The Thomas Crown Affair--Steve McQueen and Faye Dunaway star in this 1968 classic. In the opening scene, Thomas Crown (McQueen) masterminds a $2.6 million bank robbery of a Boston area bank. Director Norman Jewison skillfully uses split screens and bright light to build the drama for heist. But, the action at the outset is replaced by a well-planned investigation. An insurance investigator (Faye Dunaway), delves into the motives of the robber, eventually leading her to Crown.

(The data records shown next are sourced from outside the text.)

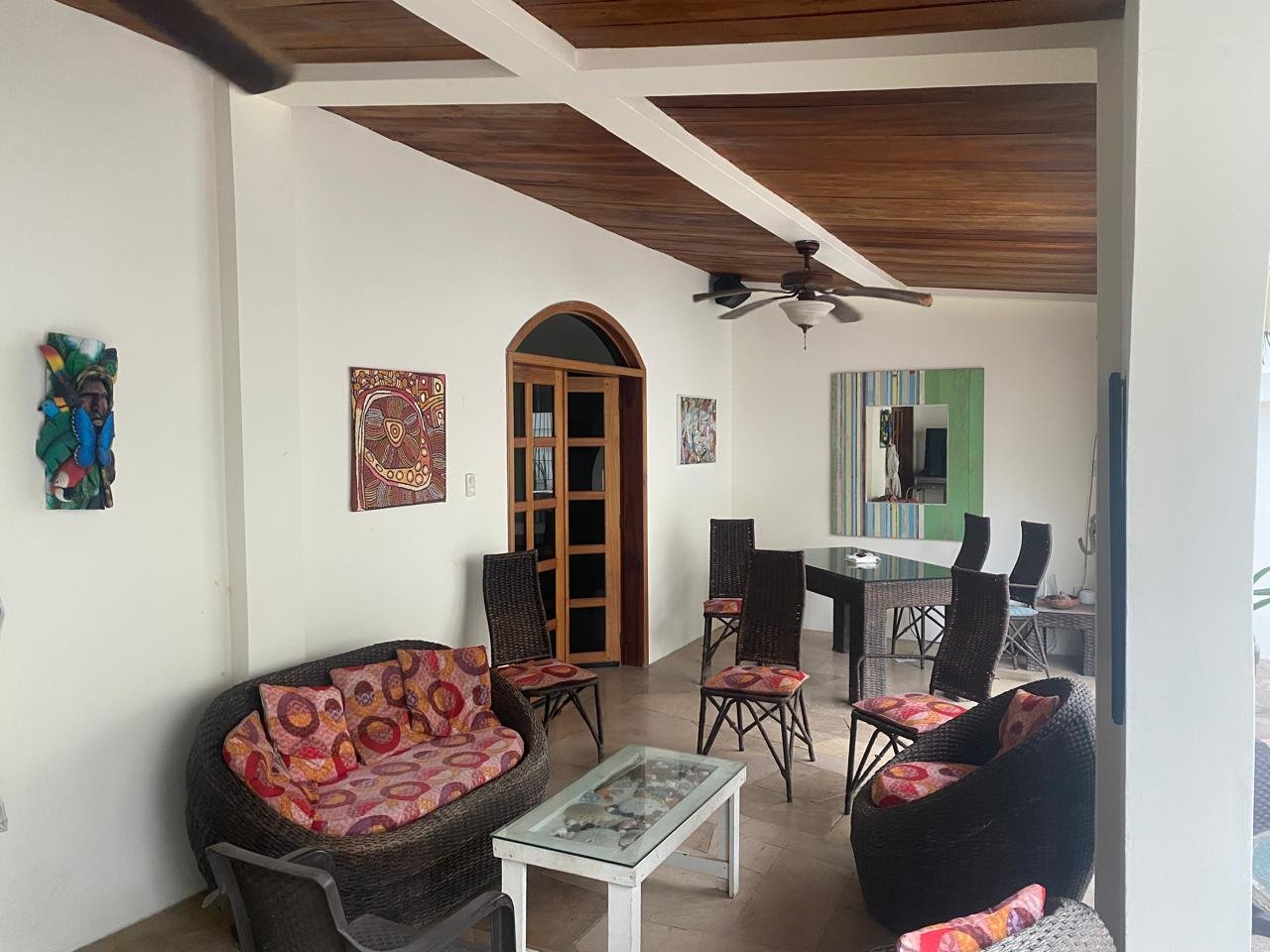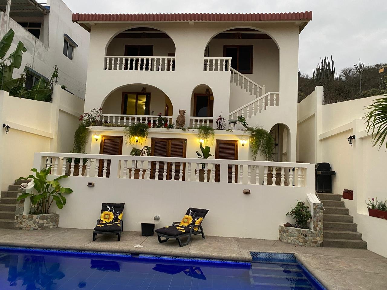 Located in the community of Puerto Cayo, 1 hour south of Manta, this Mediterranean-style house, twice featured on House Hunters International, is comprised of two buildings separated by a swimming pool. The front house boasts covered patios front and back and contains an open concept, spacious kitchen, dining area, living room and bathroom (approx. 1000 ft2). Both patios have their own dining area and the back patio features a built-in gas barbecue with a large grilling area. The kitchen features a gas stove and oven, two large capacity refrigerators, and one chest freezer. The back house has 4 bedrooms and 4 bathrooms, all ensuites, 12 x14′, as well as a studio apartment, laundry room, tool shed and pool house. Ceiling fans are located throughout as well as air conditioning throughout.
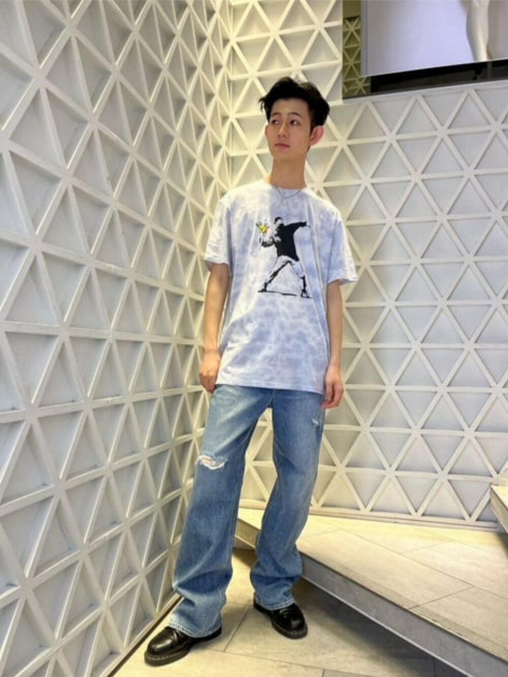 今回着用しているBANKSYのTシャツは、 サイズ感も丁度よくユニセックスなので、 男女問わず着て頂けます! デニムは、丈長めのダメージデニムで、 ウエスト辺りと裾部分は、色落ちの加工が施されているところがオススメポイント✨ 何のトップスでも合うので是非!!
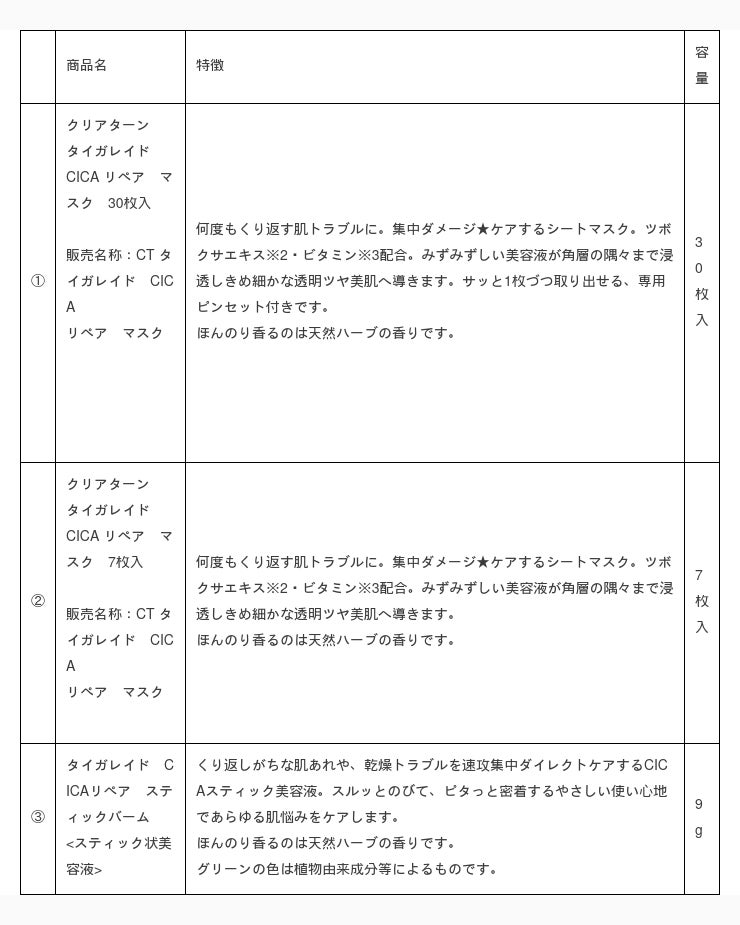 シートマスク開発におけるクリアターンの高い技術力と、タイガレイドの肌トラブルケア効果を凝縮した「クリアターン タイガレイド CICAリペア マスク」を発売することで、より積極的に肌トラブルをケアしたいと考えるお客さまのニーズに応えてまいります。
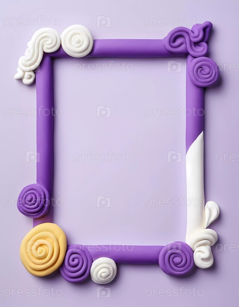 Прямоугольный каркас из игрового теста имеет замысловатые вихри и формы в белых и фиолетовых цветах на мягком фиолетовом фоне, добавляя игривое прикосновение

The course of the movie examines the interaction between Dunaway and McQueen, a master-mind criminal and an intelligent investigator, as their relationship turns into an affair. Unlike many more recent movies, the drama does not depend solely on the action and the sex, but instead, delves into the psyche of the pursuer and the pursued.
The Revenge of the Pink Panther--Clouseau is at it again. This is probably the second funniest of the Pink Panther movies, but the most intelligent of the series. But there are also moments of utter hilarity.
Clouseau once again roams his familiar haunts--the dim, misty back alleys of Paris. The bumbling detective is presumed killed by a bomb ("boom" in Clouseau-speak) and spends the rest of the movie tracking his killers all the way to Hong Kong.
Peter Sellers' Inspector is one of the film world's classic comedic protagonists. Each place and each person who comes into contact with Clouseau becomes helplessly embroiled in the Inspector's mad, inside-out universe of erector-set winged cars, Disguises by Balls, and Cato's Asian Harem. Of course, Herbert Lom, as Clouseau's nemesis on the Paris police force, is unable to snap back from these trips into madness and spends most of the film locked in a padded room.
Director Blake Edwards is right in tune with human nature and its potential for being mocked. His camera captures the murky underside of Parisian middle-class existence as well as the maddening, busy life of Hong Kong's spaghetti-thin streets. As usual, Sellers is athletic and absolutely absorbing as Clouseau, and Herbert Lom is wholly nutty and pop-eyed as the mad chief of police.